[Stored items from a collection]

==================================================

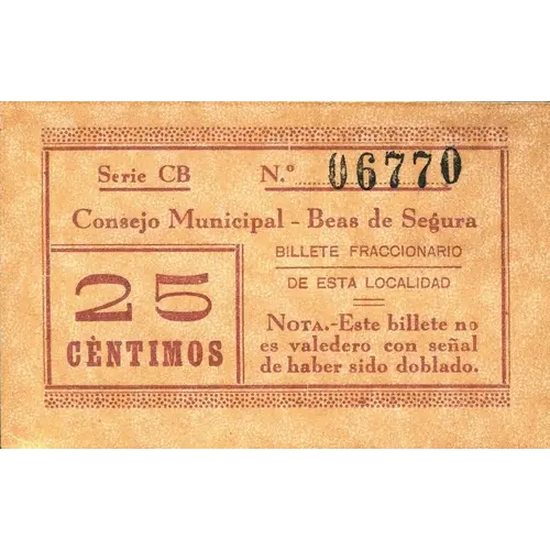 Consejo Municipal - Beas de Segura BILLETE FRACCIONARIO DE ESTA LOCALIDAD 25 CENTIMOS NOTA.- Este billete no es valedero con señal de haber sido doblado. (Translation: Municipal Council - Beas de Segura Fractional banknote of this town 25 Centimos Note.- This banknote is not valid with a sign of having been folded.) |
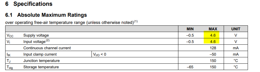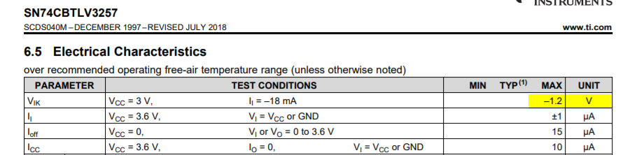 由于您无法更新/更换器件、我想指出、对于 SN74CBTLV3257、根据绝对最大额定值、所选输入引脚上的最小电压为-0.5V。 从数据表复制的关于此额定值的脚注如下:
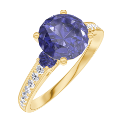 « L'ATELIER » N. 168466Anello Oro giallo 9 carati - Zaffiro blu Rotonda 1 Carati - Pietre laterali Zaffiro blu - Incastonatura Diamante 4.7 (15)
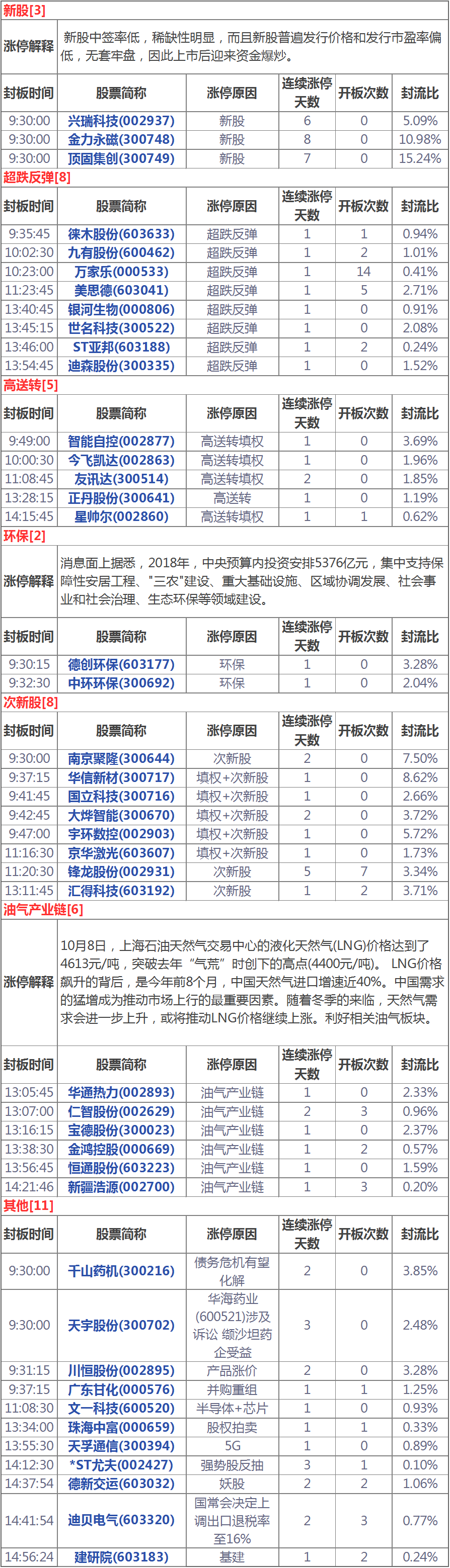 漲停分析:油氣概念強(qiáng)者恒強(qiáng)次新股多股漲停(10月10日)
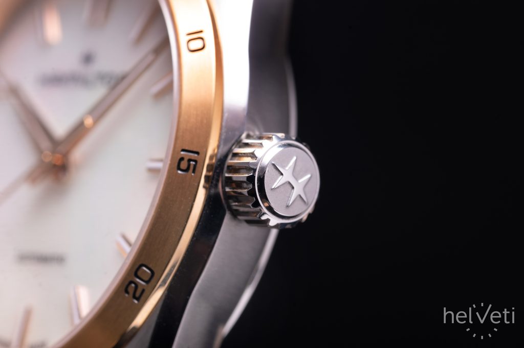 Průměr pouzdra 34 mm činí hodinky nositelnými pro většinu dámských zápěstí. Vodotěsnost hodinek je 100 m (10 ATM), zvládne tedy i větší kontakt s vodou, jako je plavání. Voděodolnost je podpořena šroubovací korunkou.
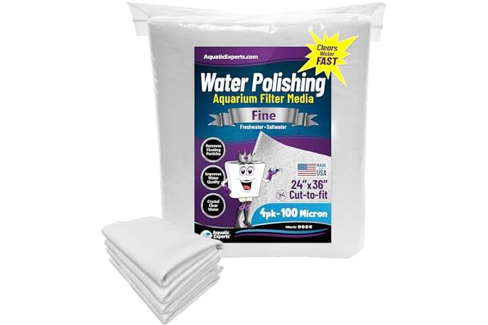 Aquatic Experts Aquarium Polishing Filter Pad, Water Polishing Pad for Aquarium Filters, Filter Floss for Fish Tank Filters, (100 Micron, 24" x 36" - 4 Pack)
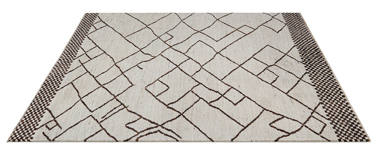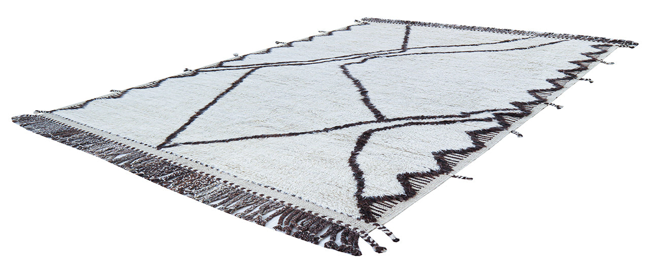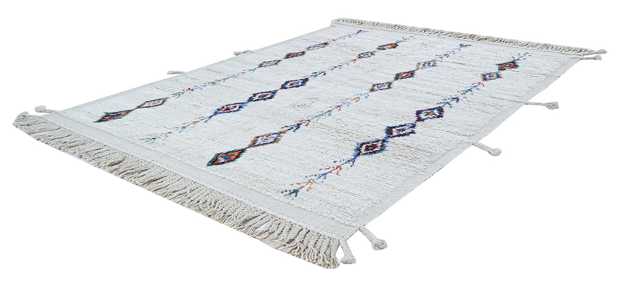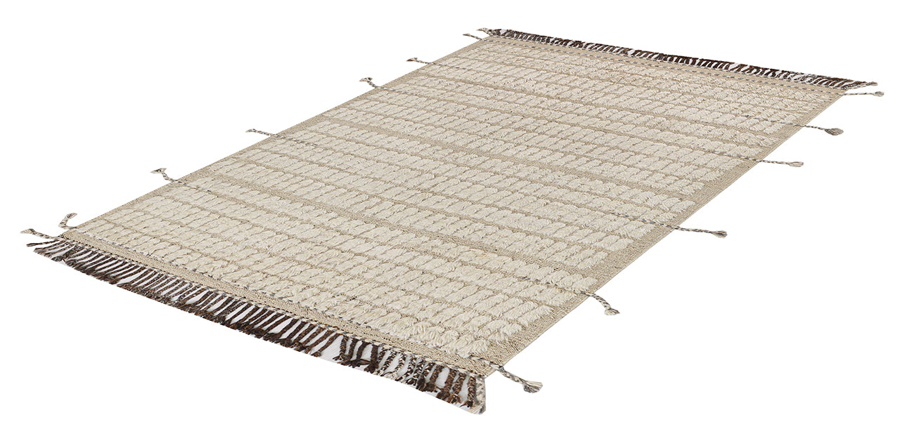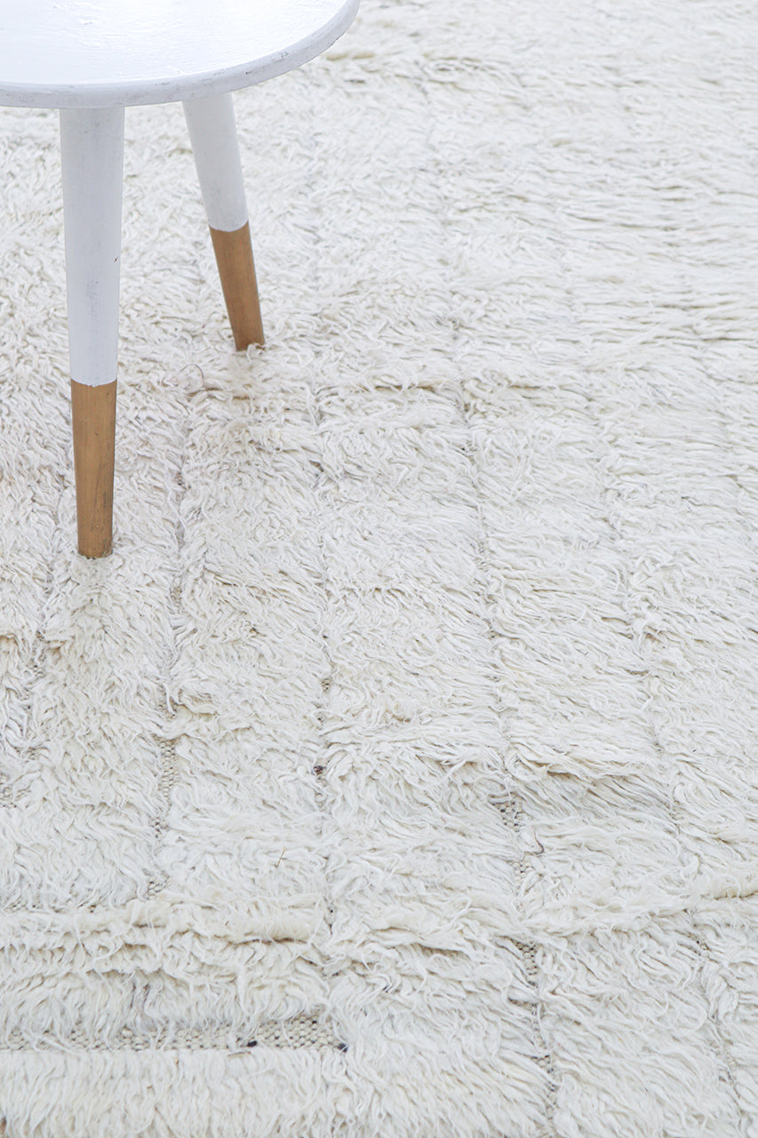 Modern design white Berber style carpet, handmade 243x186cm
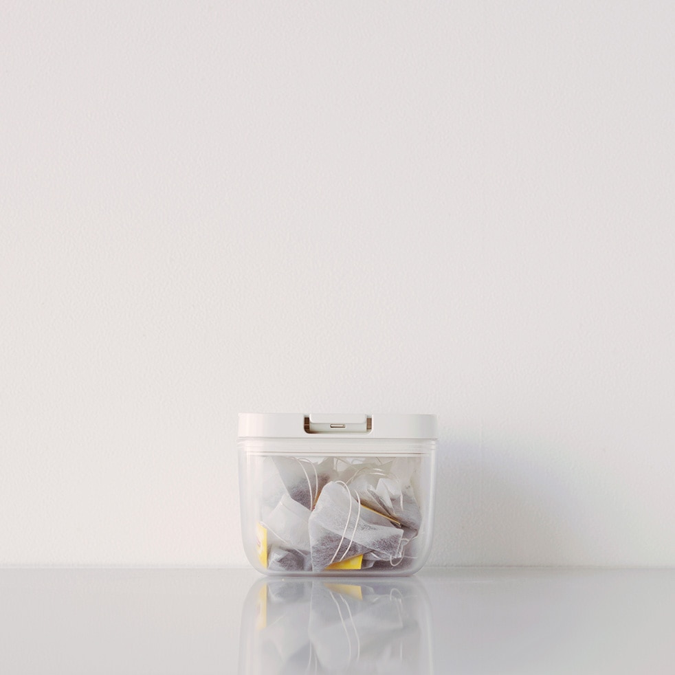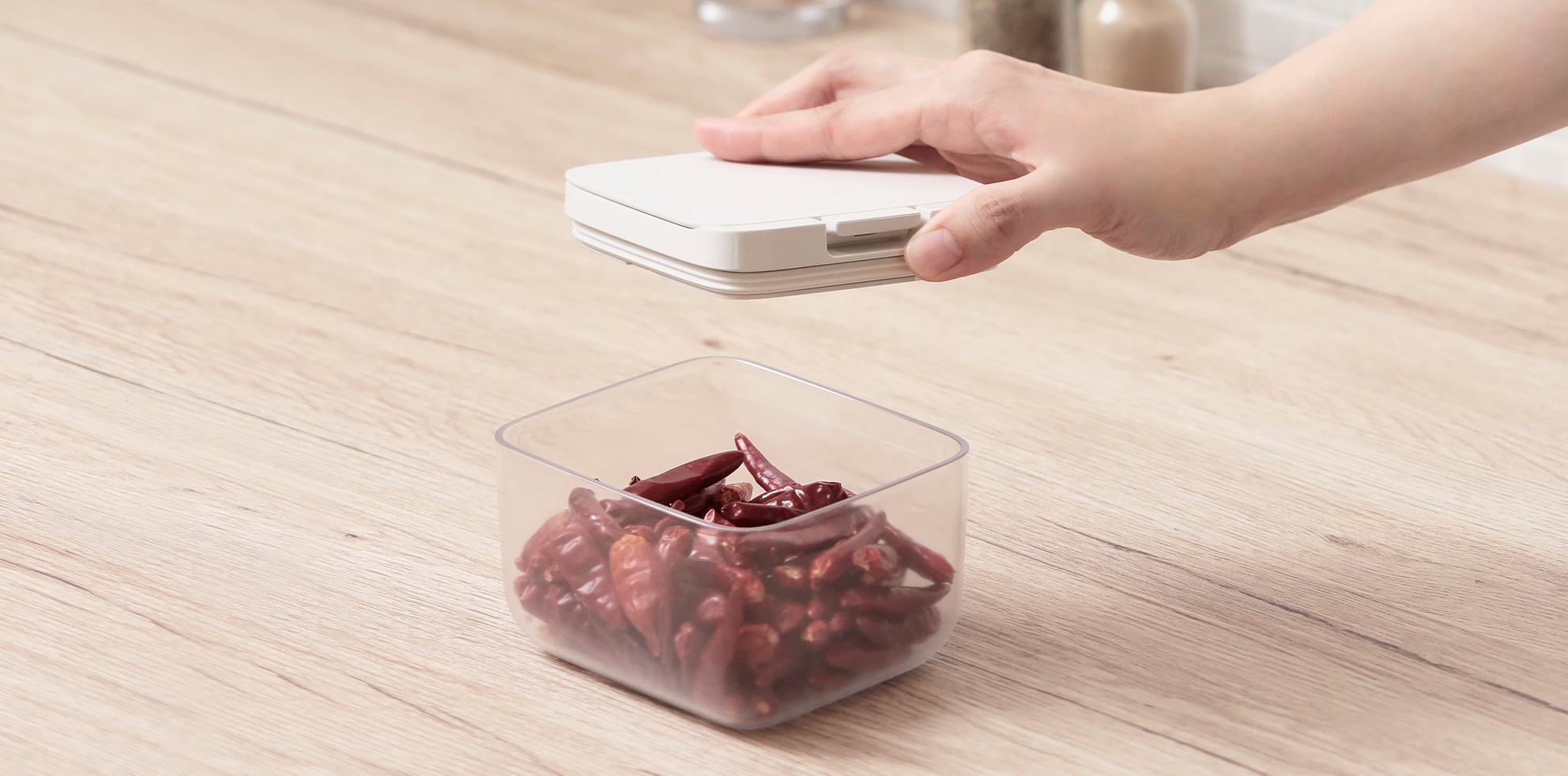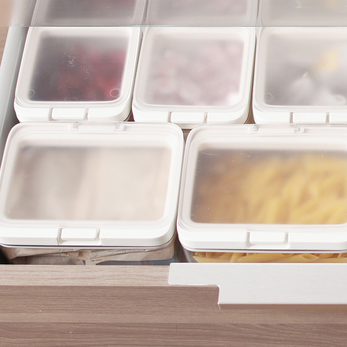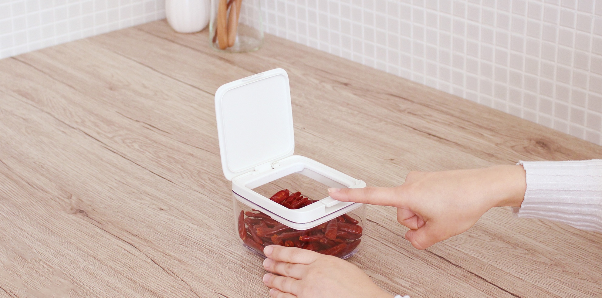 パッキンでしっかり閉まって湿気・乾燥を防ぎ、ワンタッチで開くコンテナシリーズ
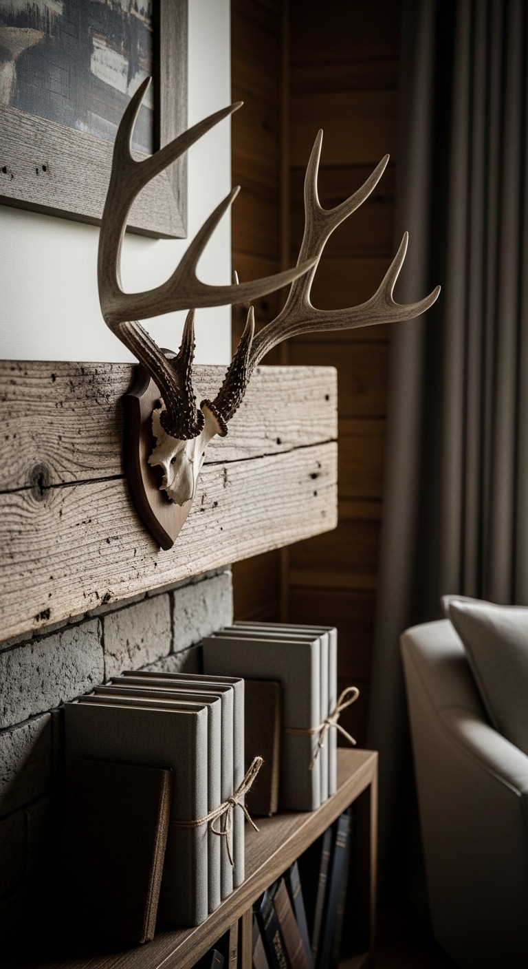Incorporate budget faux taxidermy like antlers for a bold, rustic statement. Source them from craft stores or DIY with paper mache. It adds that hunting-lodge vibe without the hunt – I paired mine with books, and it’s surprisingly elegant.
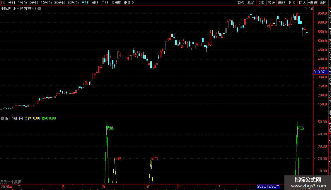 “快逃”信号:这是一个逃顶或反弹卖出提示信号。它试图识别价格在上涨后形成阶段性高点(波峰)的时机。当出现“快逃”文字提示时,表明公式认为可能出现了短期高点,提示风险。
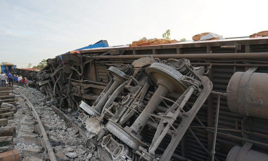 Sau nhiều lượt, đầu máy lao xuống mương. Mãi đến 7 giờ sáng, các dịch vụ khẩn cấp mới có thể loại bỏ thi thể của Ruan Hong (42 tuổi, Tai Bin) và hỗ trợ Ruan Xuande (33 tuổi, Hồng Yến). Sau nhiều vòng đua, đầu máy bị kẹt trong mương. Phải đến 7 giờ sáng, đội cứu hộ mới có thể gỡ xác của Nguyễn Hồng (42 tuổi, Thái Bình) và trợ lý Nguyễn Xuande (33 tuổi, Hung Yen). Nó bao gồm đầu máy xe lửa và 15 chiếc xe. Đặc biệt là hai chiếc xe đầu tiên có hành lý và nhà ăn, sau đó có mười hai chiếc, và chiếc cuối cùng sẽ được cung cấp. Sau vụ tai nạn, 6 phương tiện đang chuyển động bị hư hỏng nặng. Tàu bao gồm đầu máy và 15 ô tô. Đặc biệt là hai chiếc xe đầu tiên có hành lý và nhà ăn, sau đó có mười hai chiếc, và chiếc cuối cùng sẽ được cung cấp. Sau vụ tai nạn, sáu chiếc xe tải bị lật đã bị hư hỏng nghiêm trọng. Chính quyền nghi ngờ rằng các nhân viên bảo vệ đã không kéo máy nặng, khiến xe tải băng qua đường sắt khi tàu vào. Chính quyền nghi ngờ rằng các lính canh đã không kéo vật nặng, khiến chiếc xe tải băng qua đường ray khi bị nuốt. Nhiều bu lông và ốc vít nằm rải rác trên đường ray. — Nhiều bu lông, bu lông của tàu nằm rải rác trên đường ray.
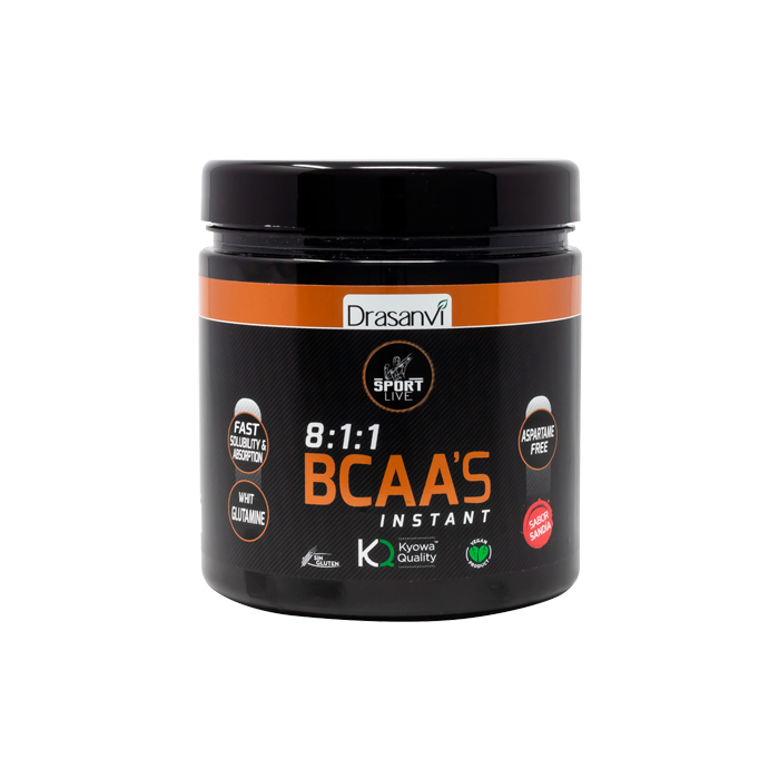 Drasanvi Sport Live BCAA + Glutamina Kyowa Sabor Sandía es un complemento alimenticio indicado para apoyar la recuperación muscular después del ejercicio intenso y mejorar el rendimiento deportivo.

==================================================

#### About this task
Each record should be copied exactly, and each image left out.

#### Reply
 Consejo Municipal - Beas de Segura BILLETE FRACCIONARIO DE ESTA LOCALIDAD 25 CENTIMOS NOTA.- Este billete no es valedero con señal de haber sido doblado. (Translation: Municipal Council - Beas de Segura Fractional banknote of this town 25 Centimos Note.- This banknote is not valid with a sign of having been folded.) |
 由于您无法更新/更换器件、我想指出、对于 SN74CBTLV3257、根据绝对最大额定值、所选输入引脚上的最小电压为-0.5V。 从数据表复制的关于此额定值的脚注如下:
 « L'ATELIER » N. 168466Anello Oro giallo 9 carati - Zaffiro blu Rotonda 1 Carati - Pietre laterali Zaffiro blu - Incastonatura Diamante 4.7 (15)
 漲停分析:油氣概念強(qiáng)者恒強(qiáng)次新股多股漲停(10月10日)
 Průměr pouzdra 34 mm činí hodinky nositelnými pro většinu dámských zápěstí. Vodotěsnost hodinek je 100 m (10 ATM), zvládne tedy i větší kontakt s vodou, jako je plavání. Voděodolnost je podpořena šroubovací korunkou.
 Aquatic Experts Aquarium Polishing Filter Pad, Water Polishing Pad for Aquarium Filters, Filter Floss for Fish Tank Filters, (100 Micron, 24" x 36" - 4 Pack)
 Modern design white Berber style carpet, handmade 243x186cm
 パッキンでしっかり閉まって湿気・乾燥を防ぎ、ワンタッチで開くコンテナシリーズ
Incorporate budget faux taxidermy like antlers for a bold, rustic statement. Source them from craft stores or DIY with paper mache. It adds that hunting-lodge vibe without the hunt – I paired mine with books, and it’s surprisingly elegant.
 “快逃”信号:这是一个逃顶或反弹卖出提示信号。它试图识别价格在上涨后形成阶段性高点(波峰)的时机。当出现“快逃”文字提示时,表明公式认为可能出现了短期高点,提示风险。
 Sau nhiều lượt, đầu máy lao xuống mương. Mãi đến 7 giờ sáng, các dịch vụ khẩn cấp mới có thể loại bỏ thi thể của Ruan Hong (42 tuổi, Tai Bin) và hỗ trợ Ruan Xuande (33 tuổi, Hồng Yến). Sau nhiều vòng đua, đầu máy bị kẹt trong mương. Phải đến 7 giờ sáng, đội cứu hộ mới có thể gỡ xác của Nguyễn Hồng (42 tuổi, Thái Bình) và trợ lý Nguyễn Xuande (33 tuổi, Hung Yen). Nó bao gồm đầu máy xe lửa và 15 chiếc xe. Đặc biệt là hai chiếc xe đầu tiên có hành lý và nhà ăn, sau đó có mười hai chiếc, và chiếc cuối cùng sẽ được cung cấp. Sau vụ tai nạn, 6 phương tiện đang chuyển động bị hư hỏng nặng. Tàu bao gồm đầu máy và 15 ô tô. Đặc biệt là hai chiếc xe đầu tiên có hành lý và nhà ăn, sau đó có mười hai chiếc, và chiếc cuối cùng sẽ được cung cấp. Sau vụ tai nạn, sáu chiếc xe tải bị lật đã bị hư hỏng nghiêm trọng. Chính quyền nghi ngờ rằng các nhân viên bảo vệ đã không kéo máy nặng, khiến xe tải băng qua đường sắt khi tàu vào. Chính quyền nghi ngờ rằng các lính canh đã không kéo vật nặng, khiến chiếc xe tải băng qua đường ray khi bị nuốt. Nhiều bu lông và ốc vít nằm rải rác trên đường ray. — Nhiều bu lông, bu lông của tàu nằm rải rác trên đường ray.
 Drasanvi Sport Live BCAA + Glutamina Kyowa Sabor Sandía es un complemento alimenticio indicado para apoyar la recuperación muscular después del ejercicio intenso y mejorar el rendimiento deportivo.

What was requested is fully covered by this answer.